Exercise directions - Please copy all of the data that follows exactly, leaving any pictures out.

Stored data entries -
- - - - - - -
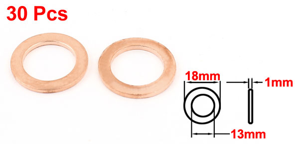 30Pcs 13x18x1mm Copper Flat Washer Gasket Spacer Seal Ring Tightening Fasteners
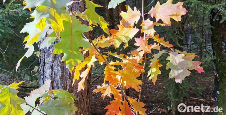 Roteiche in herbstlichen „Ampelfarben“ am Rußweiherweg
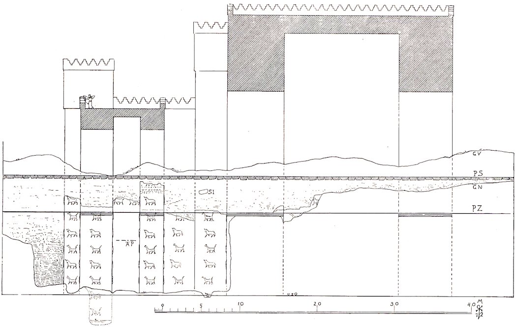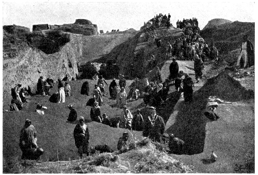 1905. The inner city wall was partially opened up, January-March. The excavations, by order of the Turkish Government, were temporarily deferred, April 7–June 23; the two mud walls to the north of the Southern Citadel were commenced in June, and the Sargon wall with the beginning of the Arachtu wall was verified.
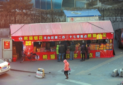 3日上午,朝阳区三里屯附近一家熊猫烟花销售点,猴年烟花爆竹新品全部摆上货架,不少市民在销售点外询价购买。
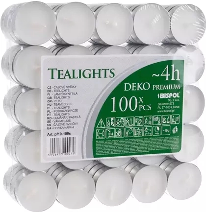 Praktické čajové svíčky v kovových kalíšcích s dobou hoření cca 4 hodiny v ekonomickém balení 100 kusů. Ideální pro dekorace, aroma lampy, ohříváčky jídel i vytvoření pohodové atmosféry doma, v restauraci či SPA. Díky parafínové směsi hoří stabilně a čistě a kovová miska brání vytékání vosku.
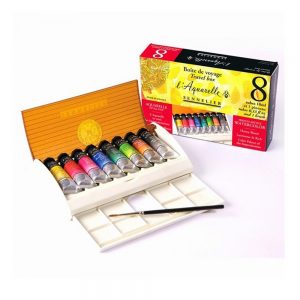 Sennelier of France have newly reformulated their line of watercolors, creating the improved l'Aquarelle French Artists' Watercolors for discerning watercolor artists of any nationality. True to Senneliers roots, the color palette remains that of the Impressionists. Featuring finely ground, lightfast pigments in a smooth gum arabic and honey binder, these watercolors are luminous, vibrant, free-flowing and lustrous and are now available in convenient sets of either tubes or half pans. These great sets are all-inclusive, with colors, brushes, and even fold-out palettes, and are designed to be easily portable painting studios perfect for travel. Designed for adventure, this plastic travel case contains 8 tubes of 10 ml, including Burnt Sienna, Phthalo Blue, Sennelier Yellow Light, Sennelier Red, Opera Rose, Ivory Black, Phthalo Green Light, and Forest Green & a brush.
- - - - - - -
Expected output -
 30Pcs 13x18x1mm Copper Flat Washer Gasket Spacer Seal Ring Tightening Fasteners
 Roteiche in herbstlichen „Ampelfarben“ am Rußweiherweg
 1905. The inner city wall was partially opened up, January-March. The excavations, by order of the Turkish Government, were temporarily deferred, April 7–June 23; the two mud walls to the north of the Southern Citadel were commenced in June, and the Sargon wall with the beginning of the Arachtu wall was verified.
 3日上午,朝阳区三里屯附近一家熊猫烟花销售点,猴年烟花爆竹新品全部摆上货架,不少市民在销售点外询价购买。
 Praktické čajové svíčky v kovových kalíšcích s dobou hoření cca 4 hodiny v ekonomickém balení 100 kusů. Ideální pro dekorace, aroma lampy, ohříváčky jídel i vytvoření pohodové atmosféry doma, v restauraci či SPA. Díky parafínové směsi hoří stabilně a čistě a kovová miska brání vytékání vosku.
 Sennelier of France have newly reformulated their line of watercolors, creating the improved l'Aquarelle French Artists' Watercolors for discerning watercolor artists of any nationality. True to Senneliers roots, the color palette remains that of the Impressionists. Featuring finely ground, lightfast pigments in a smooth gum arabic and honey binder, these watercolors are luminous, vibrant, free-flowing and lustrous and are now available in convenient sets of either tubes or half pans. These great sets are all-inclusive, with colors, brushes, and even fold-out palettes, and are designed to be easily portable painting studios perfect for travel. Designed for adventure, this plastic travel case contains 8 tubes of 10 ml, including Burnt Sienna, Phthalo Blue, Sennelier Yellow Light, Sennelier Red, Opera Rose, Ivory Black, Phthalo Green Light, and Forest Green & a brush.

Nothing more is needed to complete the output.